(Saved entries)
* * *

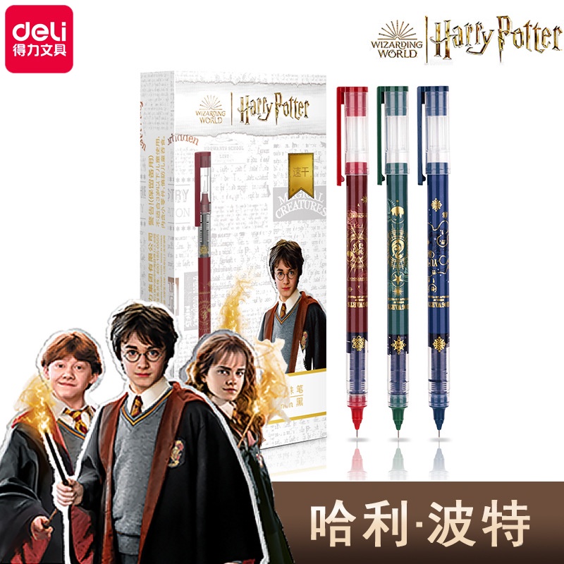 1pcs Deli S1638 Harry Potter Caneta Esferográfica Reta 0,5mm Agulha Completa Preta Pincel De Assinatura De Escritório Para Estudantes
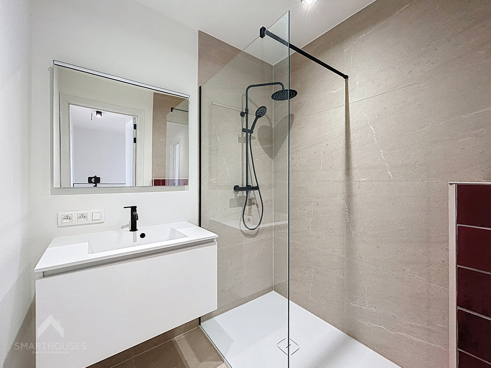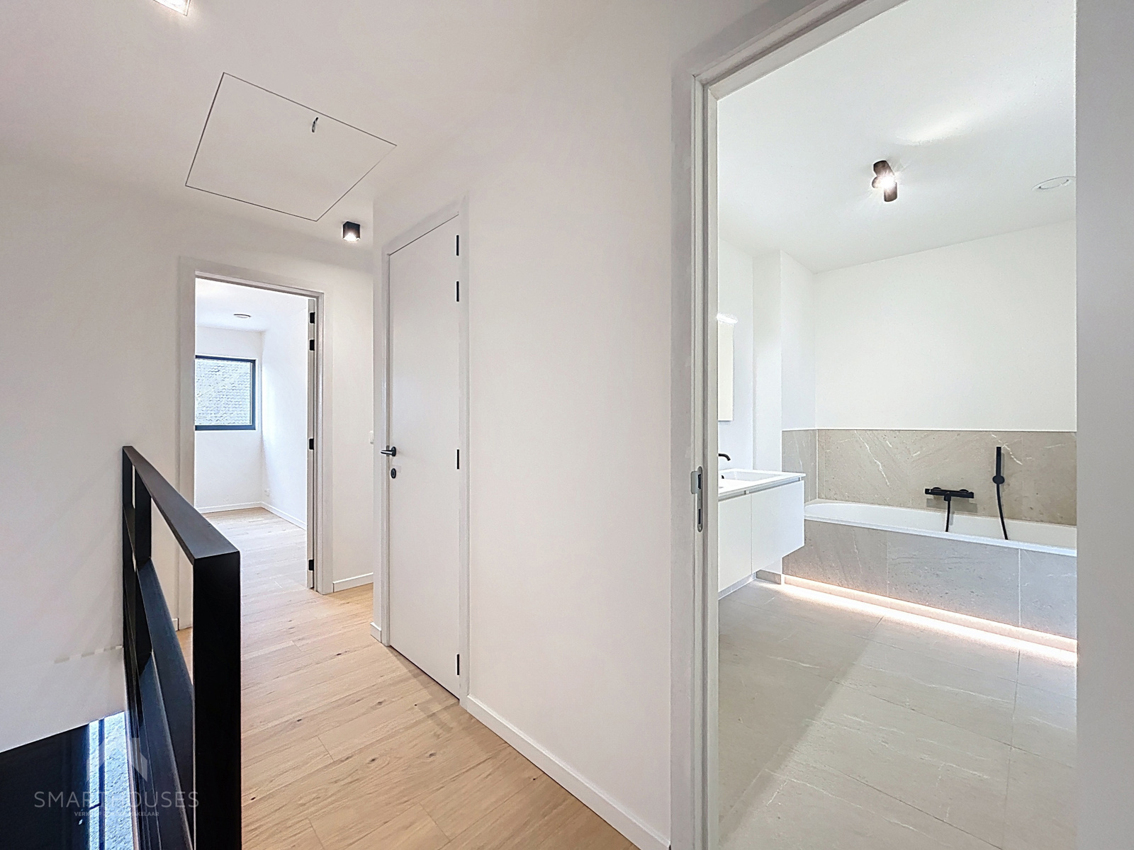 Op het verdiep zijn 3 slaapkamers, 2 badkamers, nachthal met afzonderlijk toilet, dakterras en een trapluik naar de geïsoleerde bergzolder.
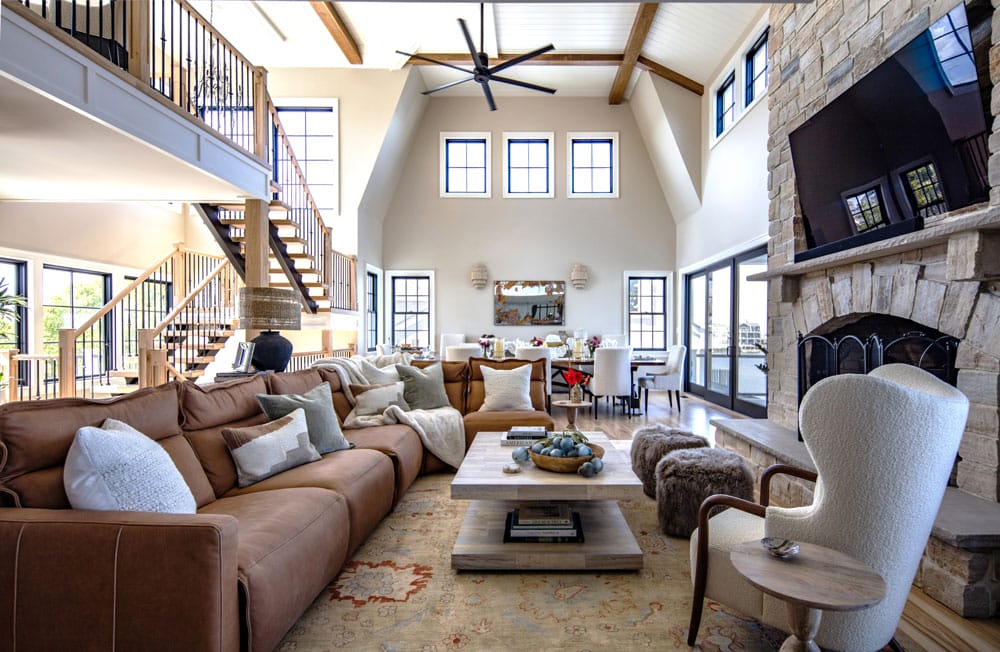 The living room was designed for entertaining with plentiful seating and a wood-burning, floor-to-ceiling stone fireplace. “Nothing feels better than a real fire to cozy up on the couch,” Barbara Stella says.
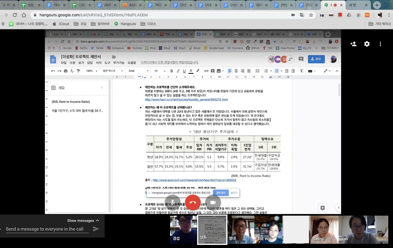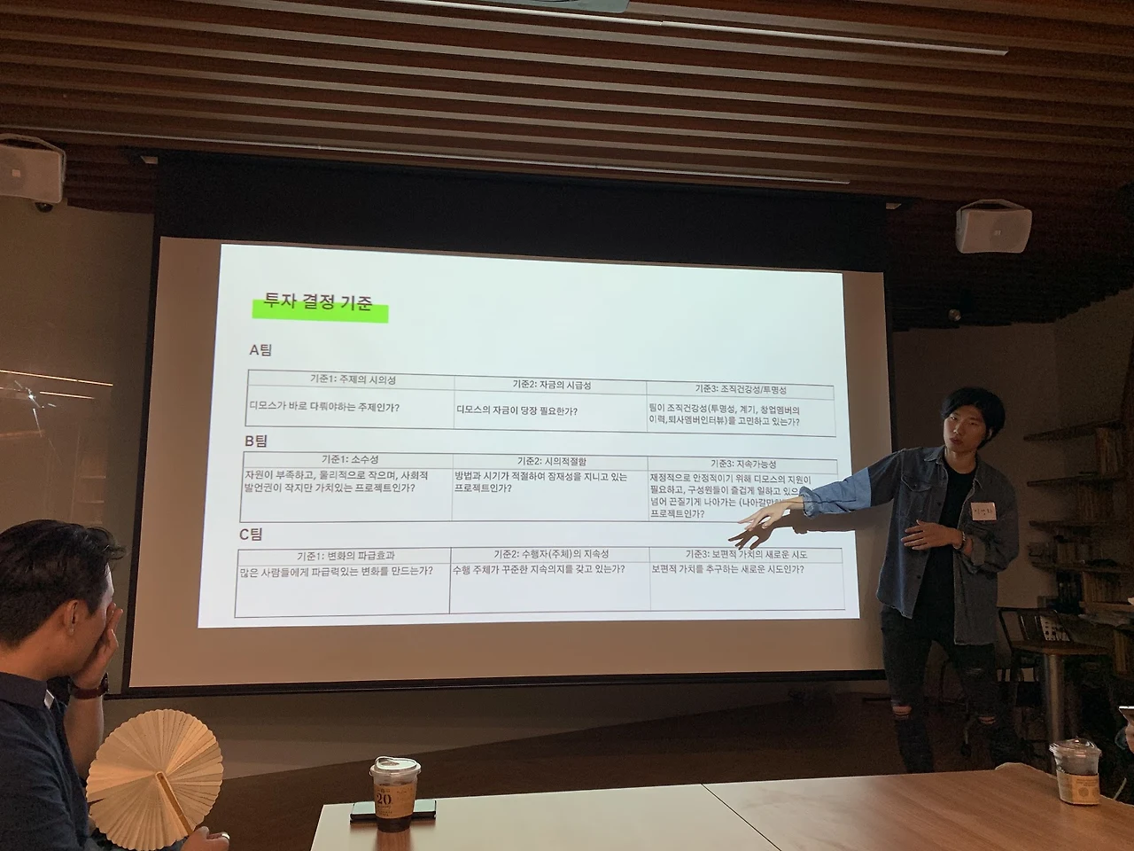 2019년 계모임은 9월, 태풍이 심한 어느 날 오프라인 모임을 취소하고 각자 편한 자리에서 온라인으로 만나 프로젝트를 제안하고 충분히 토론하는 시간을 가졌습니다. 각 투자 기준에 어떻게 부합하고 어떤 점이 더 필요할지에 대해 토론합니다.
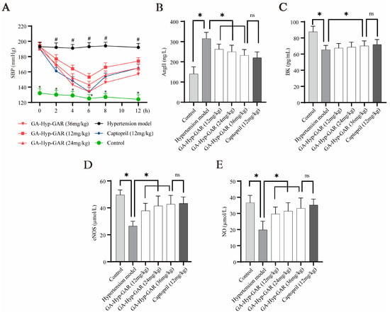 Antihypertensive effects of GA-Hyp-GAR in spontaneously hypertensive rats and modulation of vascular biomarkers. (A) Time course of systolic blood pressure (SBP) following oral administration of GA-Hyp-GAR at 12, 24, and 36 mg/kg, compared to captopril (12 mg/kg), the hypertensive model group, and normotensive controls. The maximal SBP reduction was observed at 6 h post-treatment in the high-dose group (60 mmHg), comparable to that of captopril (56 mmHg). (B) Plasma levels of angiotensin II (Ang II), which were elevated in the model group, were significantly reduced by GA-Hyp-GAR in a dose-dependent manner. (C) Bradykinin (BK) levels, suppressed in hypertensive rats, were restored following GA-Hyp-GAR treatment. (D,E) GA-Hyp-GAR administration upregulated endothelial nitric oxide synthase (eNOS) and increased nitric oxide (NO) levels compared to the model group. Data are presented as mean ± SD (n = 6). * p < 0.05 vs. model group; # p < 0.05 vs. control group; ns = not significant.
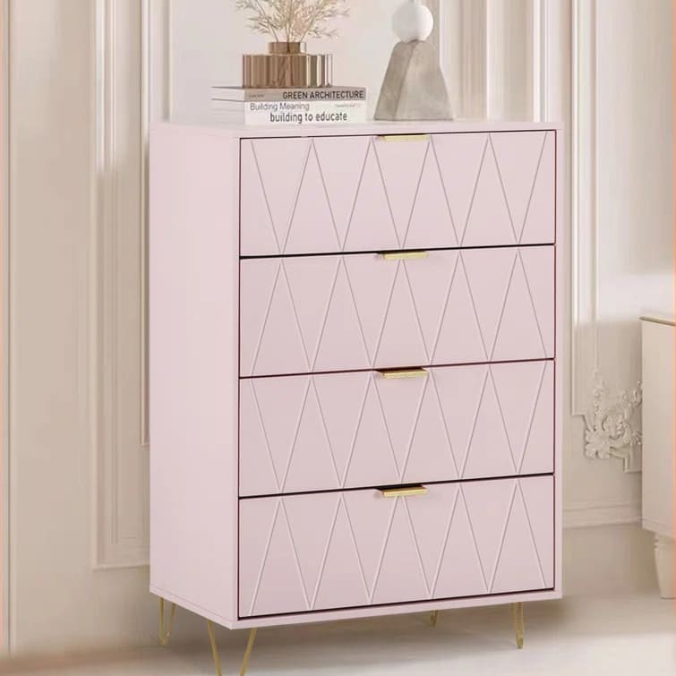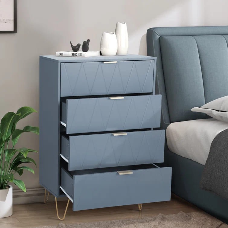 وحدة الأدراج العصرية تتميز بتصميم أنيق يتوافق مع أحدث اتجاهات الديكور. تحتوي الوحدة على أربعة أدراج كبيرة، مزينة بواجهات تحمل أشكال هندسية مثلثية متكررة تضفي مظهرًا فريدًا وجذابًا. تتميز بتوفرها بألوان متعددة تناسب مختلف الأذواق والديكورات، مثل:
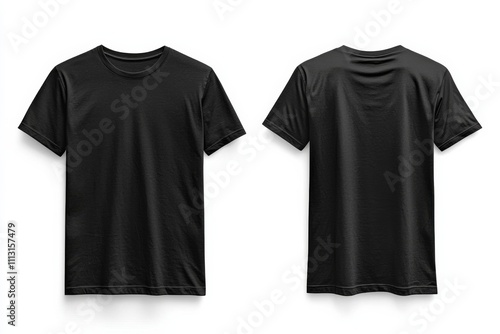 Black T-shirt Mockup with Front and Back View on Isolated White Background

* * *

From the first line of the entries down to the line with "2019년 계모임은 9월, 태풍이", print each line exactly; omit any picture.

 1pcs Deli S1638 Harry Potter Caneta Esferográfica Reta 0,5mm Agulha Completa Preta Pincel De Assinatura De Escritório Para Estudantes
 Op het verdiep zijn 3 slaapkamers, 2 badkamers, nachthal met afzonderlijk toilet, dakterras en een trapluik naar de geïsoleerde bergzolder.
 The living room was designed for entertaining with plentiful seating and a wood-burning, floor-to-ceiling stone fireplace. “Nothing feels better than a real fire to cozy up on the couch,” Barbara Stella says.
 2019년 계모임은 9월, 태풍이 심한 어느 날 오프라인 모임을 취소하고 각자 편한 자리에서 온라인으로 만나 프로젝트를 제안하고 충분히 토론하는 시간을 가졌습니다. 각 투자 기준에 어떻게 부합하고 어떤 점이 더 필요할지에 대해 토론합니다.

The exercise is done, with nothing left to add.